Improved gcd_1 code

Tue Mar 13 10:25:51 CET 2012

nisse at lysator.liu.se (Niels Möller) writes:

  Torbjorn Granlund <tg at gmplib.org> writes:

  > I pushed some new gcd_1 code for x86_64, helping AMD k10 and bulldozer,
  > Intel conroe/penryn, nehalem/westmere, and sandybridge, and VIA nano.

  What algorithm do you use?

Plain binary.  It is similar to the old code (which traces back to Kevin
Ryde's k7 code) except that it does not use any tables or tight loops
for dealing with trailing zeros.

  > Before counting the # of trailing zero bits, we need to wait for two
  > cmove to complete.  On Intel, cmove is a serial instruction with a 2
  > cycle latency.  It could be possible to compute ctz(a-b) instead of
  > ctz(|a-b|) in order to run bsf an cmove in parallel.

  The C code (for GCD_1_METHOD == 2) does something like that. But with
  masking tricks instead of cmov, of course.
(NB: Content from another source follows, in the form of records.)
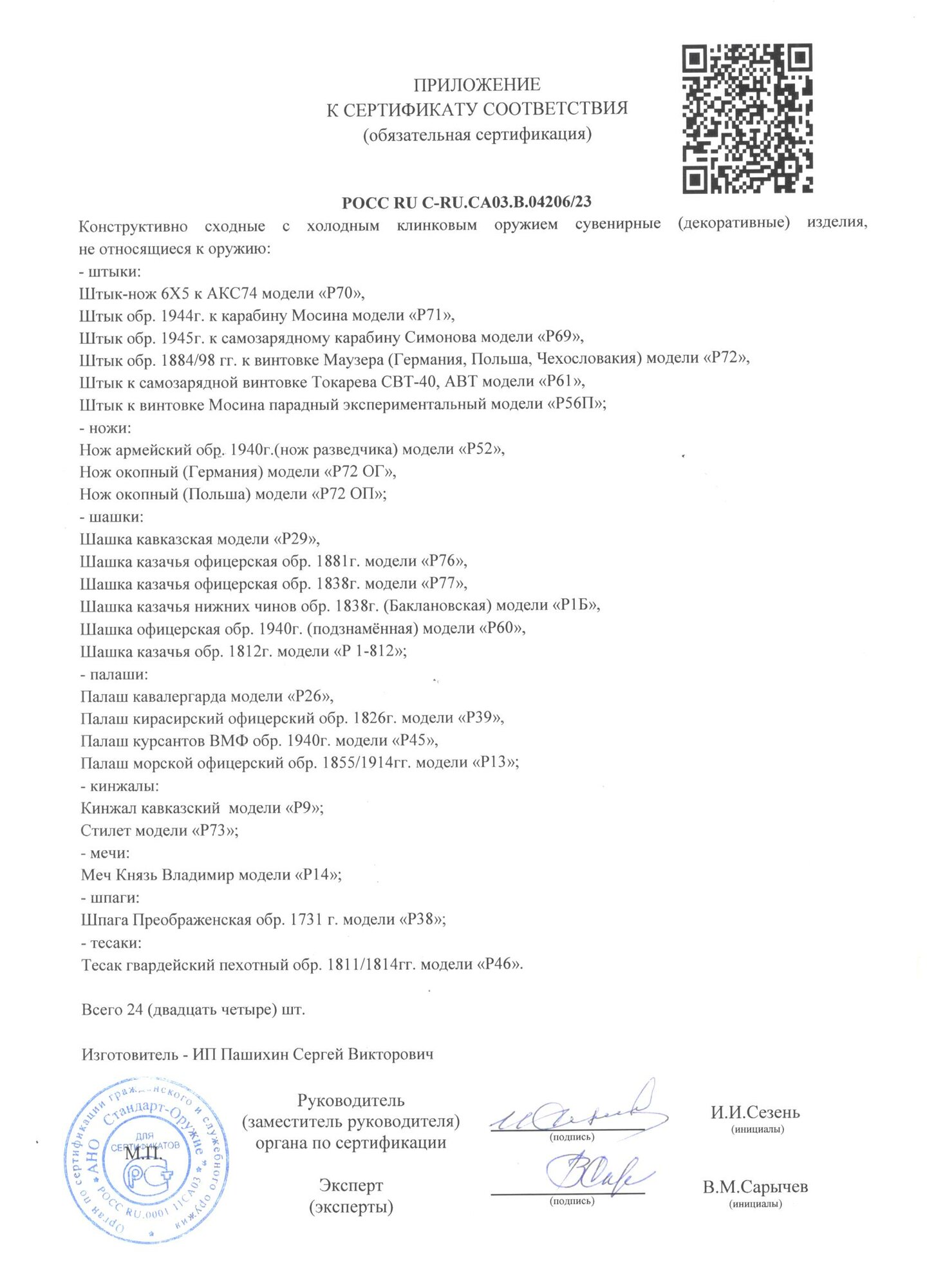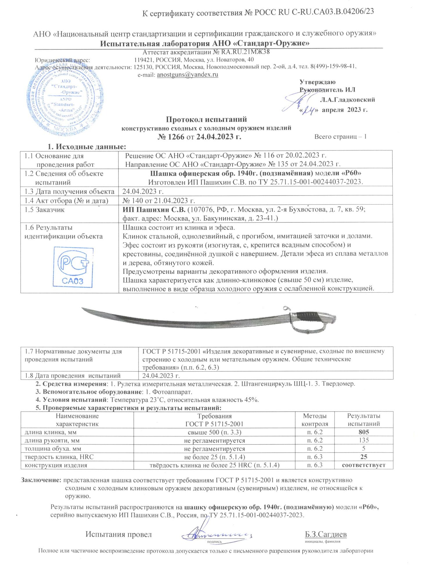 Шашка офицерская подзнаменная образца 1940 г. Шашка изготовлена из кованой стали 65г (рессорная), Ножны изготовлены из дерева, латуни и натуральной кожи. Ручная работа. Сталь: 65Г Материал рукояти: дерево или пластик, латунь Материал ножен: дерево, кожа, латунь Шашка не является холодным оружием, в комплекте прилагается сертификат. Шашка не заточена, но ее можно заточить самостоятельно, сталь высокого качества, долго держит заточку.
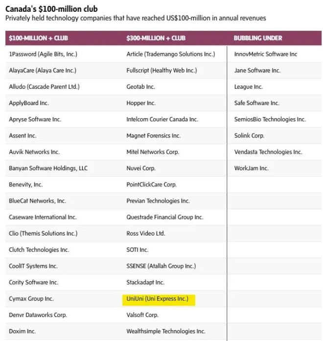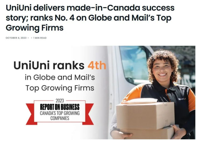 据UniUni的linkedin页面显示,UniUni成立于2019年,总部位于列治文,是一家领先的技术驱动物流公司,在北美各地为电子商务平台、在线零售商和品牌的客户提供服务。去年12月,UniUni被《环球邮报》列为70多家年收入超过$1亿美元的加拿大私营科技公司之一。
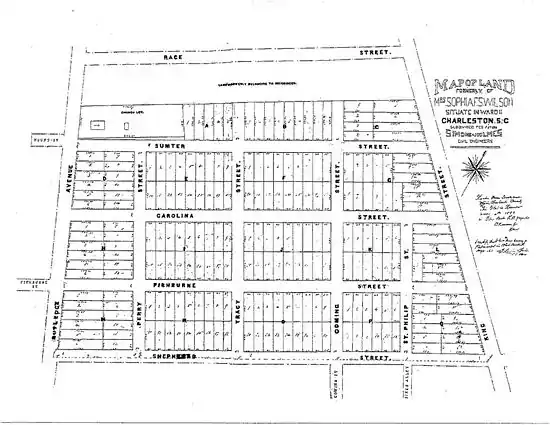 Wilson's Farm is a neighborhood in Charleston, South Carolina.[1] By 1746, a 55-acre tract of the upper Charleston peninsula had been subdivided from a larger parcel and sold to John Drayton who used the land as a farm known as "Pickpocket." In 1757, 52-acres were transferred to Andrew Faesch and Peter Guinard. Pickpocket Plantation was managed by Sophia Faesch, and the house on the plantation was known as “Sophy Hall.”[1]
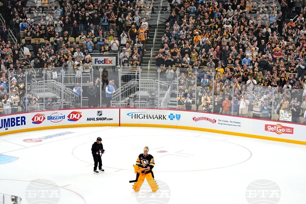 Pittsburgh Penguins goalie Marc-Andre Fleury takes a lap of PNC Paints Arena following a pre-season NHL hockey game against the Columbus Blue Jackets in Pittsburgh, Saturday, Sept. 27, 2025. (AP Photo/Gene J. Puskar)

Looks promising.  GCD_1_METHOD seems to be read-only, but method 2 is
the default.

I think a 16 byte zerotab is too small, and should be expanded.  (But if
a tiny tab is to be used, I suppose extraction from a magic limb
constant is better.)  Well, zerotab is unconditionally disabled now and
a loop is used.

I suppose we should make use of longlong for trailing zeros counting,
since both looping (as done now) and suitably sized tables are slower on
many machines that dedicated insns.  But count_trailing_zeros is
unsuitable in its current form, a count_trailing_zeros_gcd should be
added which is to be optimised for small counts.

-- 
Torbjörn